Reputation: 1503
I basically want to convert tab delimited text file http://www.linux-usb.org/usb.ids into a csv file.
I tried importing using Excel, but it is not optimal, it turns out like:
8087 Intel Corp.
0020 Integrated Rate Matching Hub
0024 Integrated Rate Matching Hub
How I want it so for easy searching is:
8087 Intel Corp. 0020 Integrated Rate Matching Hub
8087 Intel Corp. 0024 Integrated Rate Matching Hub
Is there any ways I can do this in python?
Upvotes: 0
Views: 248
Reputation: 21
$ListDirectory = "C:\USB_List.csv"
Invoke-WebRequest 'http://www.linux-usb.org/usb.ids' -OutFile $ListDirectory
$pageContents = Get-Content $ListDirectory | Select-Object -Skip 22
"vendor`tvendor_name`tproduct`tproduct_name`r" > $ListDirectory
#Variables and Flags
$currentVid
$currentVName
$currentPid
$currentPName
$vendorDone = $TRUE
$interfaceFlag = $FALSE
$nextline
$tab = "`t"
foreach($line in $pageContents){
if($line.StartsWith("`#")){
continue
}
elseif($line.length -eq 0){
exit
}
if(!($line.StartsWith($tab)) -and ($vendorDone -eq $TRUE)){
$vendorDone = $FALSE
}
if(!($line.StartsWith($tab)) -and ($vendorDone -eq $FALSE)){
$pos = $line.IndexOf(" ")
$currentVid = $line.Substring(0, $pos)
$currentVName = $line.Substring($pos+2)
"$currentVid`t$currentVName`t`t`r" >> $ListDirectory
$vendorDone = $TRUE
}
elseif ($line.StartsWith($tab)){
if ($interfaceFlag -eq $TRUE){
$interfaceFlag = $FALSE
}
$nextline = $line.TrimStart()
if ($nextline.StartsWith($tab)){
$interfaceFlag = $TRUE
}
if ($interfaceFlag -eq $FALSE){
$pos = $nextline.IndexOf(" ")
$currentPid = $nextline.Substring(0, $pos)

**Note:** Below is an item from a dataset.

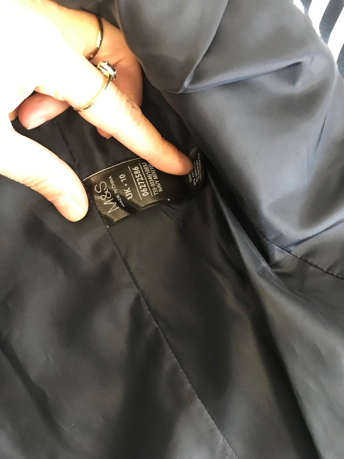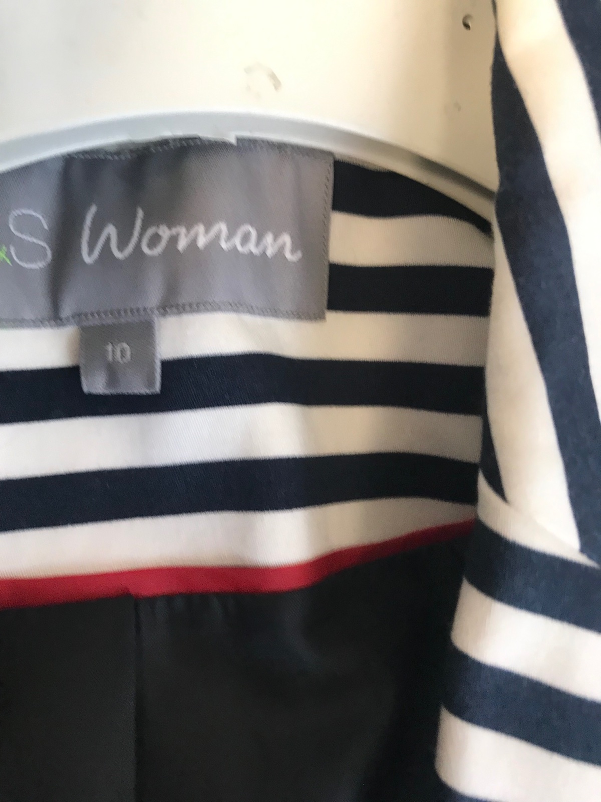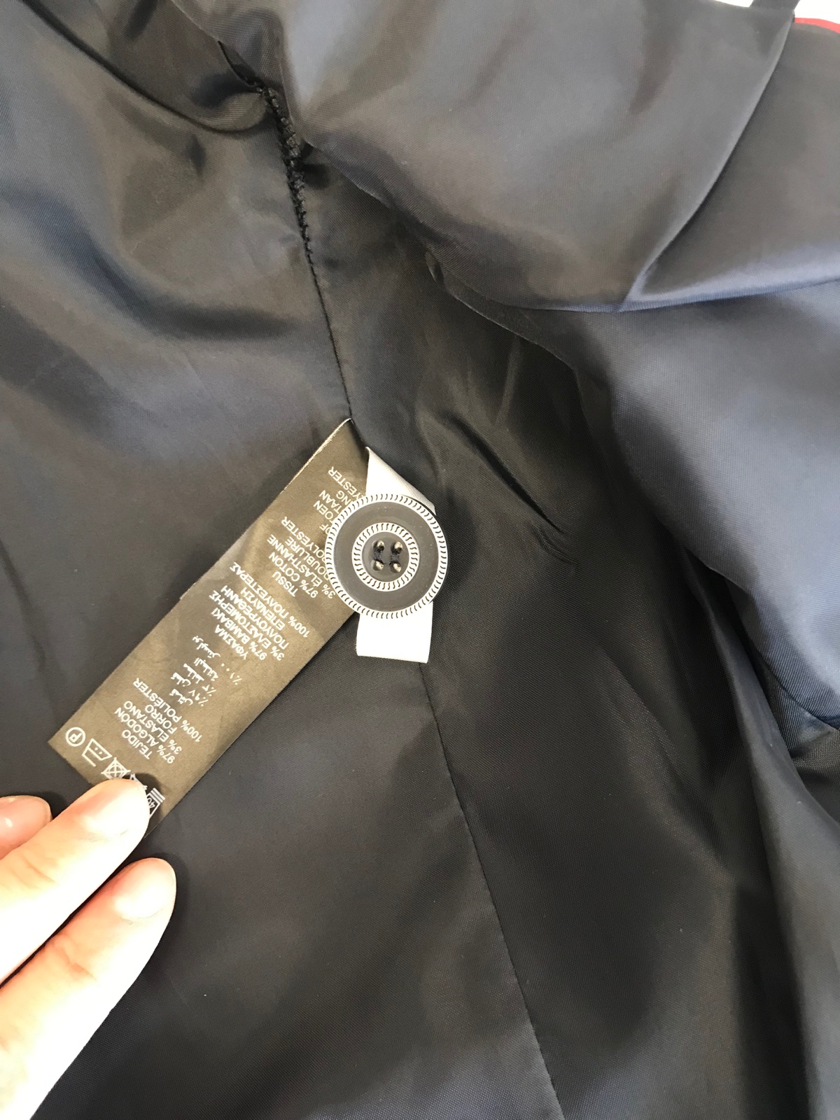 Kabat, ci bundicka je pisana S, ale sedi skor na M az L. Vlozka vnutri pri rukave je roztrhana, sikovna mamina zasije.

$currentPName = $nextline.Substring($pos+2)
"$currentVid`t$currentVName`t$currentPid`t$currentPName`r" >> $ListDirectory
Write-Host "$currentVid`t$currentVName`t$currentPid`t$currentPName`r"
$interfaceFlag = $FALSE
}
}
}
I know the ask is for python, but I built this PowerShell script to do the job. It takes no parameters. Just run as admin from the directory where you want to store the script. The script collects everything from the http://www.linux-usb.org/usb.ids page, parses the data and writes it to a tab delimited file. You can then open the file in excel as a tab delimited file. Ensure the columns are read as "text" and not "general" and you're go to go. :)
Parsing this page is tricky because the script has to be contextually aware of every VID-Vendor line proceeding a series of PID-Product lines. I also forced the script to ignore the commented description section, the interface-interface_name lines, the random comments that he inserted throughout the USB list (sigh) and everything after and including "#List of known device classes, subclasses and protocols" which is out of scope for this request.
I hope this helps!
Upvotes: 2
Reputation: 63
Something like this would work:
import csv
lines = []
with open("usb.ids.txt") as f:
reader = csv.reader(f, delimiter="\t")
device = ""
for line in reader:
# Ignore empty lines and comments
if len(line) == 0 or (len(line[0]) > 0 and line[0][0] == "#"):
continue
if line[0] != "":
device = line[0]
elif line[1] != "":
lines.append((device, line[1]))
print(lines)
You basically need to loop through each line, and if it's a device line, remember that for the following lines. This will only work for two columns, and you would then need to write them all to a csv file but that's easy enough
Upvotes: 0
Reputation: 622
You just need to write a little program that scans in the data a line at a time. Then it should check to see if the first character is a tab ('\t'). If not then that value should be stored. If it does start with tab then print out the value that was previously stored followed by the current line. The result will be the list in the format you want.
Upvotes: 1